INVESTORS HAVE NO PROTECTION IN JERSEY

Interesting corresponence from Jersey Financial Services which confirm that investors have no protection.

 

X-Sender: david@thedogman.net@mail.thedogman.net
Date: Tue, 04 Nov 2003 19:36:04 +0100
To: "Nigel Woodroffe" <N.Woodroffe@jerseyfsc.org>,<david@thedogman.net>
From: David the Dogman <david@thedogman.net>
Subject: RE: Mrs E L Knott and Scottish Widows International Limited 

 
Dear Mr Woodroffe
Thanks for your reply. 
You seem to be missing the key issue in this case.  It is simple.  If the FSC in Jersey had real "teeth" having arrived at  a decision based on the facts or on discovery of an issue where a mistake has been made by a Jersey based product provider where the investor has been poorly served or mis sold, the regulator should be in a position to order compensation, as does the UK FSA.  In addition whilst the UK Ombudsman service may not be available to foreign nationals (and neither the UK Investors Compensation Scheme) they can and do investigate complaints against UK FSA regulated companies and do have the power to order compensation where they believe it appropriate. 

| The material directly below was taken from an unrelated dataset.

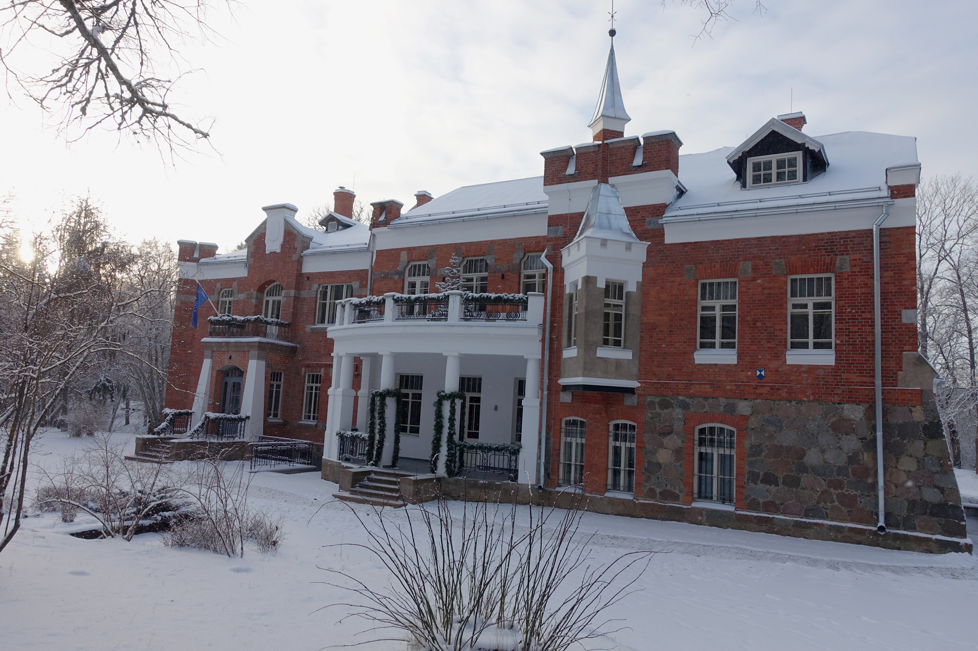 Профессор купил имение за 80 000 рублей – исключительно крупная сумма по тем временам (подробнее о нем можно прочесть в блоге rezeknenka. Так называемый Красный дом, единственная сохранившаяся капитальная постройка, возводилась в 1905-1911 гг. под руководством зятя Кербедза (сам генерал скончался в 1899 году). Владельцы называли здание из полевого камня и красного кирпича, украшенное башенками со шпилями, Новым дворцом.

Compared to this the Jersey FSC is relatively "toothless" in preventing companies regulated by them from allowing products to be distributed outside the local regulatory provisions of another sovereign territory (I still await to hear of the findings of Mr Pratt following his enquiries of the Spanish regulatory authority, CNMV..... have you any news on this?) and when, as you infer, that an error on the part of the regulated company occurs, you are limited to requesting ex gratia payments rather than being empowered to order such payments.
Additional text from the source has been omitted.